▸ TASK PROMPT: Below is a listing with pictures in it. Copy it exactly without them.

▸ GIVEN MATERIAL:
>>>>
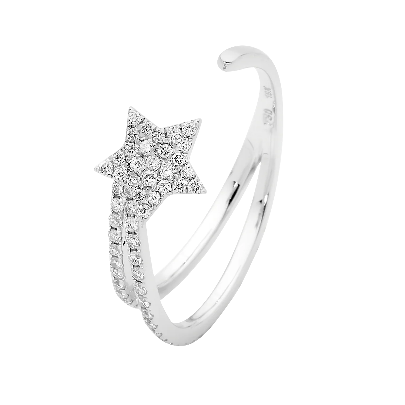 Meticulously handcrafted 18k gold and diamond open comet ring, showcasing 0.51 carats of F/VS diamonds in the stars and tails that curve elegantly around the finger. Refined and delicate as an everyday piece or perfect for layering with other House of K'dor Cosmos collection jewellery.
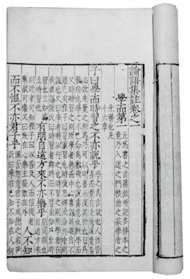 《论语》是孔子弟子们记的。这部书不但显示一个伟大的人格——孔子,并且让读者学习许多做学问做人的节目:如“君子”、“仁”、“忠恕”,如“时习”、“阙疑”、“好古”、“隅反”、“择善”、“困学”等,都是可以终身应用的。《孟子》据说是孟子本人和弟子公孙丑、万章等共同编定的。书中说“仁”兼说“义”,分辨“义”、“利”甚严;而辩“性善”,教人求“放心”,影响更大。又说到“养浩然之气”,那“至大至刚”、“配义与道”的“浩然之气”[9],这是修养的最高境界,所谓天人相通的哲理。书中攻击杨朱、墨翟两派,辞锋咄咄逼人。这在儒家叫作攻异端,功劳是很大的。孟子生在战国时代,他不免“好辩”,他自己也觉得的[10];他的话流露着“英气”,“有圭角”,和孔子的温润是不同的。所以儒家只称为“亚圣”,次于孔子一等[11]。《孟子》有东汉的赵岐注。《论语》有孔安国、马融、郑玄诸家注,却都已残佚,只零星的见于魏何晏的《集解》里。汉儒注经,多以训诂名物为重;但《论》、《孟》词意显明,所以只解释文句,推阐义理而止。魏、晋以来,玄谈大盛,孔子已经道家化;解《论语》的也多参入玄谈,参入当时的道家哲学。这些后来却都不流行了。到了朱子,给《论》、《孟》作注,虽说融会各家,其实也用他自己的哲学作架子。他注《学》、《庸》,更显然如此。他的哲学切于世用,所以一般人接受了,将他解释的孔子当作真的孔子。
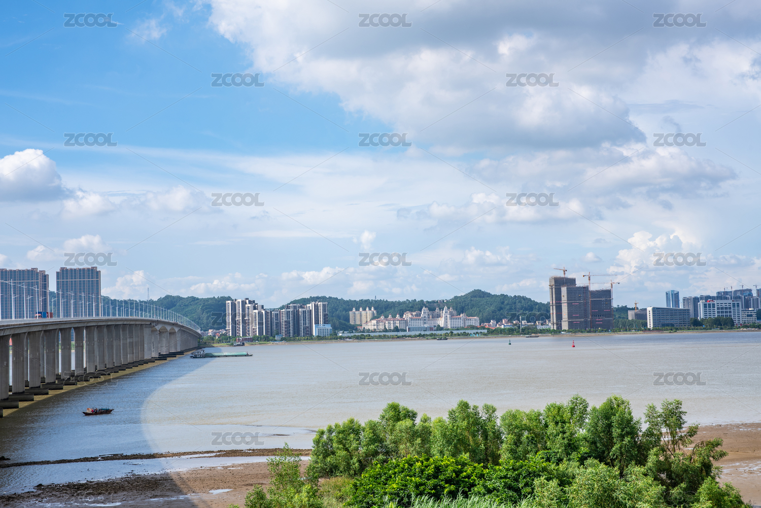 中国,福州,马尾区,东江滨,三江口,城市,金色,风景,风光,蓝天
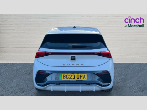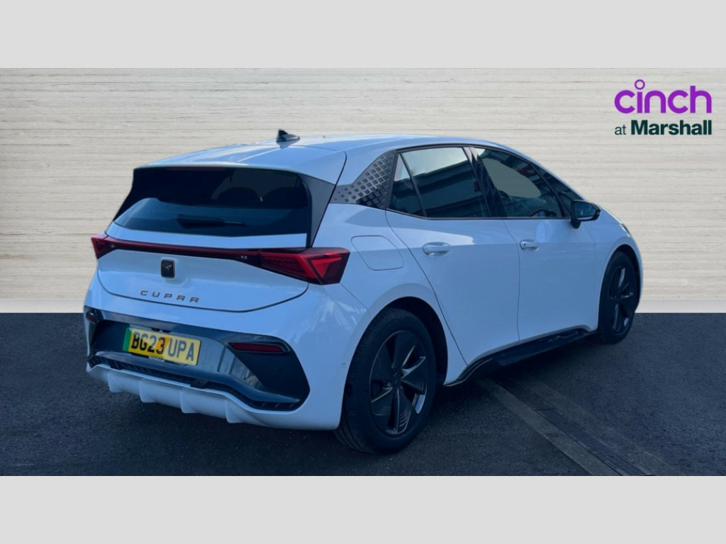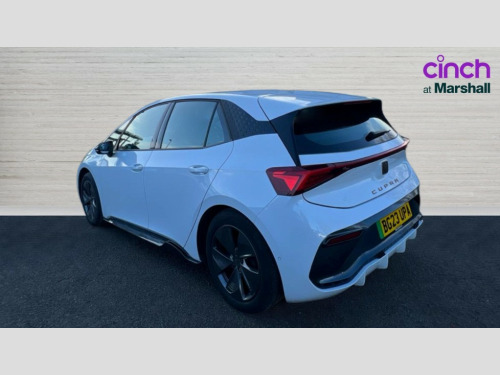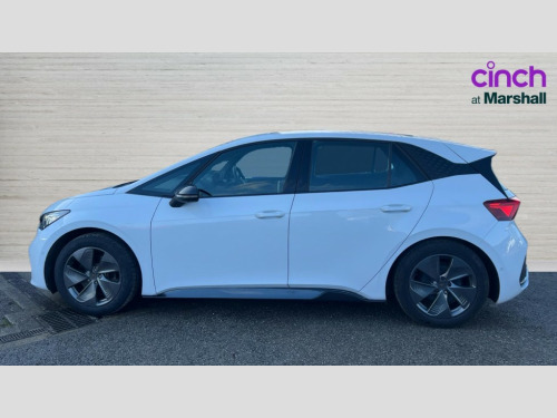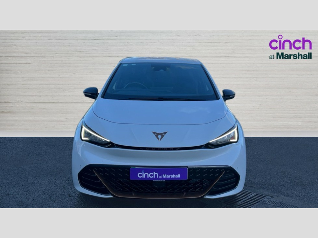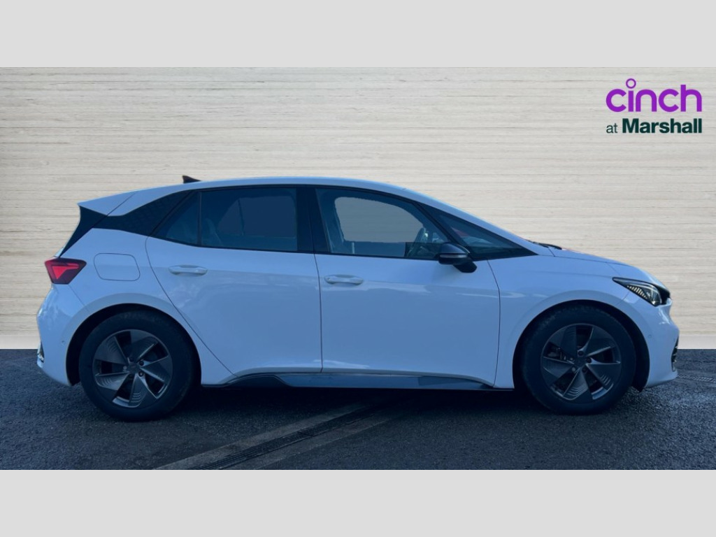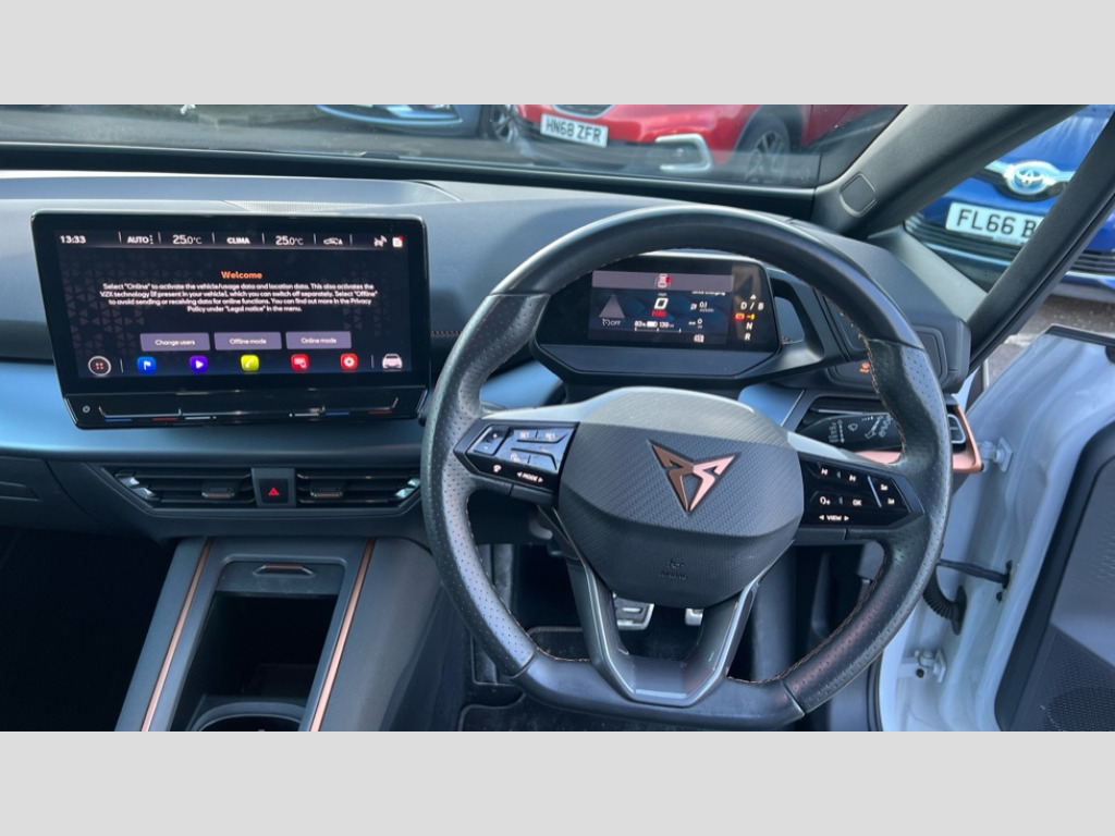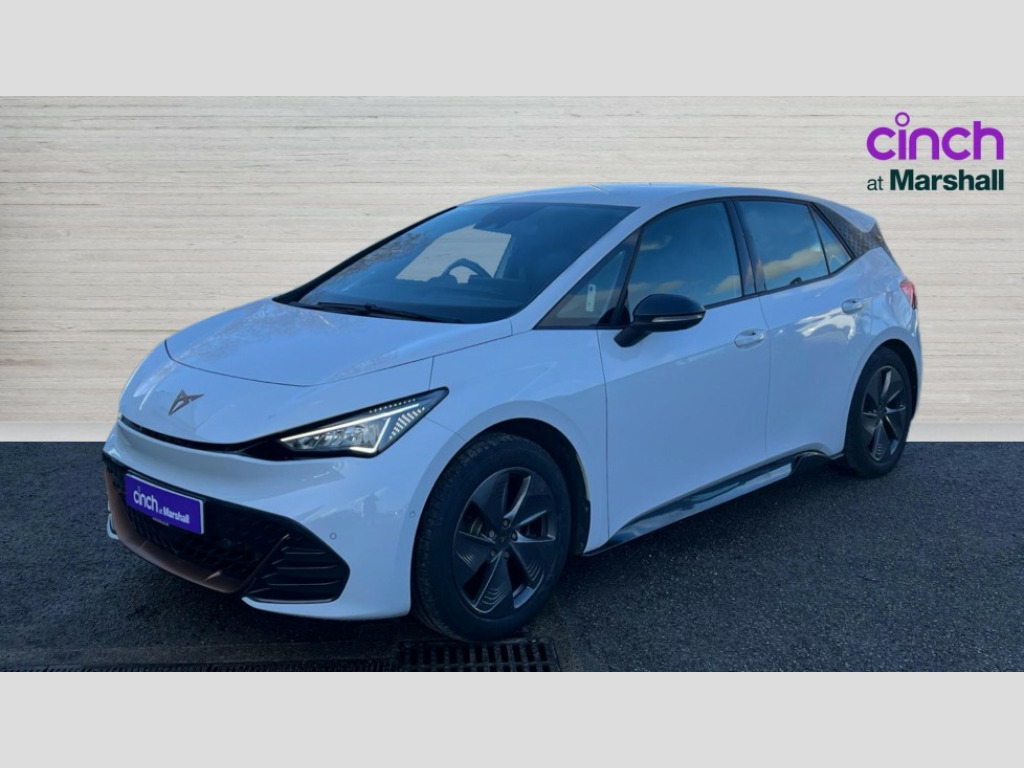 Cupra Born 150kW V1 58kWh 5dr Auto 5.3" digital cockpit with 12" central display infotainment system, Bluetooth without wireless charger, Driving profile selection - Range, Comfort, Performance, Individual, Dynamic steering, Emergency steering support with turn assist, Forward collision warning with automatic braking, Front/rear park distance control, Lane assist, PAS, Tailgate, Voice assistant, Wireless full link smartphone integration, 120kW DC charging capacity, Shock absorption in front, Sports rear shock absorption, 2x USB sockets in front, 2x USB sockets in rear, charge only, DAB (Digital Audio Broadcasting) and AM/FM radio, Acoustic windshield, Auto dimming rear view mirror, Daytime running lights, Electric adjustable/heated/folding door mirrors, Full LED headlights, Grey exterior mirrors, Heat insulated glass, LED 3rd brake light, LED rear lights, Rear side wing doors, Rear wiper, Transport protection film, Variable intermittent wiper, Welcome home function and adverse weather function, Windshield wiper with light/rain sensor, 3 seat bench in 2nd row, Aluminium pedals, CUPRA emblem on steering wheel, Dual zone climate control, Electric auxiliary air heater, Heated leather wrapped multi function steering wheel, Integrated front head restraints, ISOFIX points in outer rear seats with top tether anchorage points, Manual height adjustable front seats, Multi-colour ambient interior lighting, Rear headrests, SEAQUAL Yarn cloth upholstery, Single front passenger seat, Sunvisors with illuminated mirror, Unsplit rear seat bench, split folding backrest, without centre armrest, 3 point seatbelts on all rear seats, Driver and front passenger airbags with front passenger airbag deactivation, side airbag in front with curtain airbag and front interaction airbag, Extended safety system with proactive passenger protection system, Manual child lock in rear doors, Public e-call, Tiredness recognition system, driver alert system, Tyre pressure monitoring system, Visual and acoustic seat belt reminder, Anti theft alarm system with interior monitoring in cab, backup horn and towing protection, Anti theft wheel bolts, Keyless go central locking system, 18" Cyclone alloy wheels, Tool kit, Tyre repair kit
<<<<
▸ TASK SOLUTION:
 Meticulously handcrafted 18k gold and diamond open comet ring, showcasing 0.51 carats of F/VS diamonds in the stars and tails that curve elegantly around the finger. Refined and delicate as an everyday piece or perfect for layering with other House of K'dor Cosmos collection jewellery.
 《论语》是孔子弟子们记的。这部书不但显示一个伟大的人格——孔子,并且让读者学习许多做学问做人的节目:如“君子”、“仁”、“忠恕”,如“时习”、“阙疑”、“好古”、“隅反”、“择善”、“困学”等,都是可以终身应用的。《孟子》据说是孟子本人和弟子公孙丑、万章等共同编定的。书中说“仁”兼说“义”,分辨“义”、“利”甚严;而辩“性善”,教人求“放心”,影响更大。又说到“养浩然之气”,那“至大至刚”、“配义与道”的“浩然之气”[9],这是修养的最高境界,所谓天人相通的哲理。书中攻击杨朱、墨翟两派,辞锋咄咄逼人。这在儒家叫作攻异端,功劳是很大的。孟子生在战国时代,他不免“好辩”,他自己也觉得的[10];他的话流露着“英气”,“有圭角”,和孔子的温润是不同的。所以儒家只称为“亚圣”,次于孔子一等[11]。《孟子》有东汉的赵岐注。《论语》有孔安国、马融、郑玄诸家注,却都已残佚,只零星的见于魏何晏的《集解》里。汉儒注经,多以训诂名物为重;但《论》、《孟》词意显明,所以只解释文句,推阐义理而止。魏、晋以来,玄谈大盛,孔子已经道家化;解《论语》的也多参入玄谈,参入当时的道家哲学。这些后来却都不流行了。到了朱子,给《论》、《孟》作注,虽说融会各家,其实也用他自己的哲学作架子。他注《学》、《庸》,更显然如此。他的哲学切于世用,所以一般人接受了,将他解释的孔子当作真的孔子。
 中国,福州,马尾区,东江滨,三江口,城市,金色,风景,风光,蓝天
 Cupra Born 150kW V1 58kWh 5dr Auto 5.3" digital cockpit with 12" central display infotainment system, Bluetooth without wireless charger, Driving profile selection - Range, Comfort, Performance, Individual, Dynamic steering, Emergency steering support with turn assist, Forward collision warning with automatic braking, Front/rear park distance control, Lane assist, PAS, Tailgate, Voice assistant, Wireless full link smartphone integration, 120kW DC charging capacity, Shock absorption in front, Sports rear shock absorption, 2x USB sockets in front, 2x USB sockets in rear, charge only, DAB (Digital Audio Broadcasting) and AM/FM radio, Acoustic windshield, Auto dimming rear view mirror, Daytime running lights, Electric adjustable/heated/folding door mirrors, Full LED headlights, Grey exterior mirrors, Heat insulated glass, LED 3rd brake light, LED rear lights, Rear side wing doors, Rear wiper, Transport protection film, Variable intermittent wiper, Welcome home function and adverse weather function, Windshield wiper with light/rain sensor, 3 seat bench in 2nd row, Aluminium pedals, CUPRA emblem on steering wheel, Dual zone climate control, Electric auxiliary air heater, Heated leather wrapped multi function steering wheel, Integrated front head restraints, ISOFIX points in outer rear seats with top tether anchorage points, Manual height adjustable front seats, Multi-colour ambient interior lighting, Rear headrests, SEAQUAL Yarn cloth upholstery, Single front passenger seat, Sunvisors with illuminated mirror, Unsplit rear seat bench, split folding backrest, without centre armrest, 3 point seatbelts on all rear seats, Driver and front passenger airbags with front passenger airbag deactivation, side airbag in front with curtain airbag and front interaction airbag, Extended safety system with proactive passenger protection system, Manual child lock in rear doors, Public e-call, Tiredness recognition system, driver alert system, Tyre pressure monitoring system, Visual and acoustic seat belt reminder, Anti theft alarm system with interior monitoring in cab, backup horn and towing protection, Anti theft wheel bolts, Keyless go central locking system, 18" Cyclone alloy wheels, Tool kit, Tyre repair kit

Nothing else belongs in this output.